### WHAT YOU SHOULD DO
Could you restate the whole listing below word for word, minus the pictures?

Segment Open

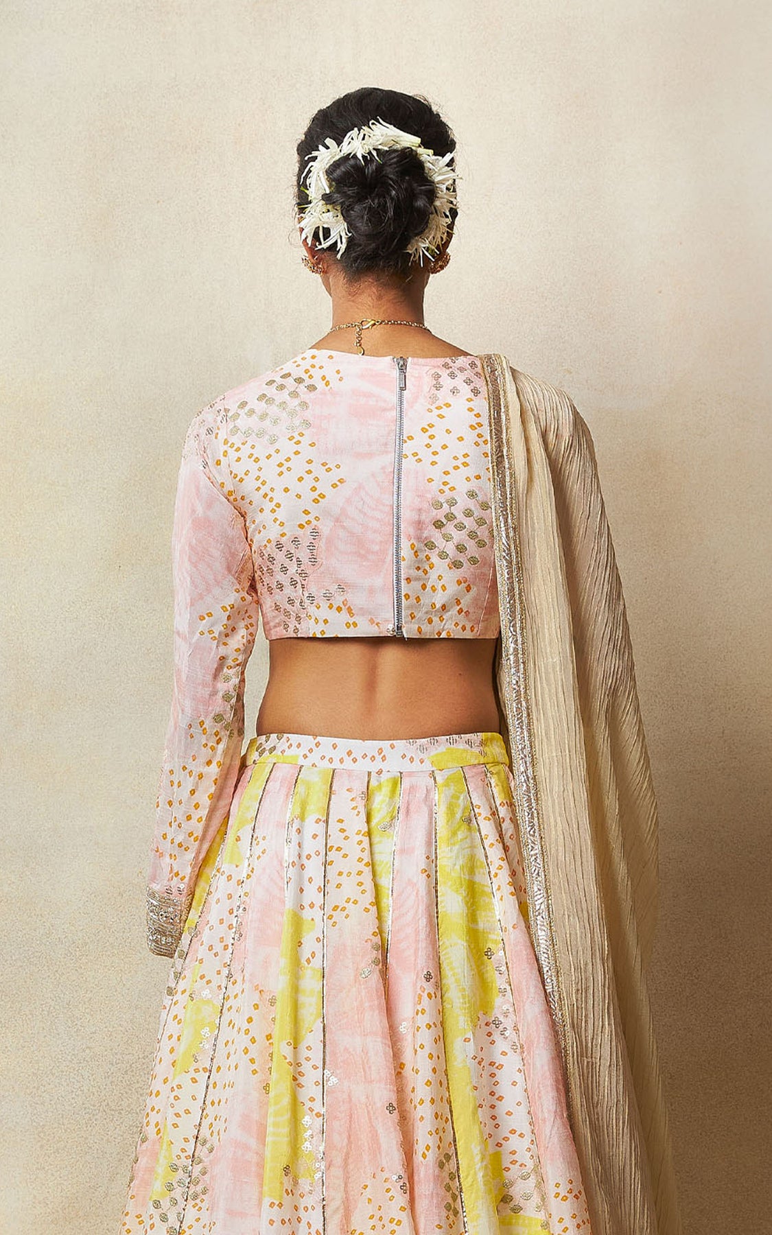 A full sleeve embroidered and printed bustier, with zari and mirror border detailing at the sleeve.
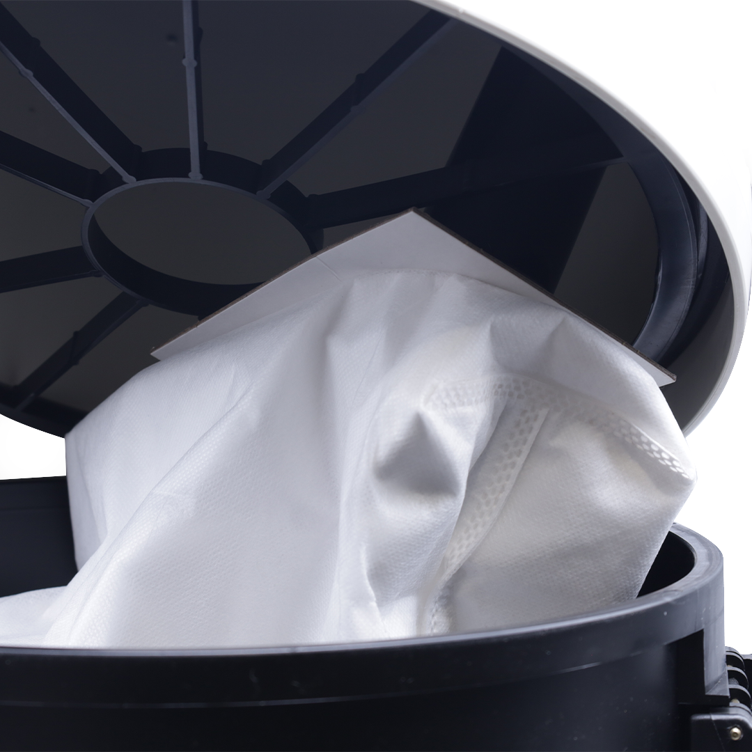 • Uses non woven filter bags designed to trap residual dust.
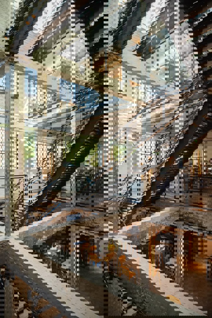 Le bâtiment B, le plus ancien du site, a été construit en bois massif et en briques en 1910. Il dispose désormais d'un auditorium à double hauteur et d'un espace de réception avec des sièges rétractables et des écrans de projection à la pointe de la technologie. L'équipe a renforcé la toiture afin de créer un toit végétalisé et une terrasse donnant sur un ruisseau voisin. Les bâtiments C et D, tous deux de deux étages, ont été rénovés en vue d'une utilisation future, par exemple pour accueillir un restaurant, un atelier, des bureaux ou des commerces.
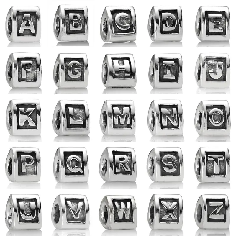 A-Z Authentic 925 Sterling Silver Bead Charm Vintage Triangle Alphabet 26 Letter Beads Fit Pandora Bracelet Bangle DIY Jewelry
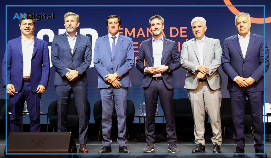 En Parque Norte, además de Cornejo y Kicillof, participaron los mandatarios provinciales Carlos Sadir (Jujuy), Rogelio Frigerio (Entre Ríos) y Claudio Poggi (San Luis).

Segment Closed

### ANSWER FOR THIS EXERCISE
 A full sleeve embroidered and printed bustier, with zari and mirror border detailing at the sleeve.
 • Uses non woven filter bags designed to trap residual dust.
 Le bâtiment B, le plus ancien du site, a été construit en bois massif et en briques en 1910. Il dispose désormais d'un auditorium à double hauteur et d'un espace de réception avec des sièges rétractables et des écrans de projection à la pointe de la technologie. L'équipe a renforcé la toiture afin de créer un toit végétalisé et une terrasse donnant sur un ruisseau voisin. Les bâtiments C et D, tous deux de deux étages, ont été rénovés en vue d'une utilisation future, par exemple pour accueillir un restaurant, un atelier, des bureaux ou des commerces.
 A-Z Authentic 925 Sterling Silver Bead Charm Vintage Triangle Alphabet 26 Letter Beads Fit Pandora Bracelet Bangle DIY Jewelry
 En Parque Norte, además de Cornejo y Kicillof, participaron los mandatarios provinciales Carlos Sadir (Jujuy), Rogelio Frigerio (Entre Ríos) y Claudio Poggi (San Luis).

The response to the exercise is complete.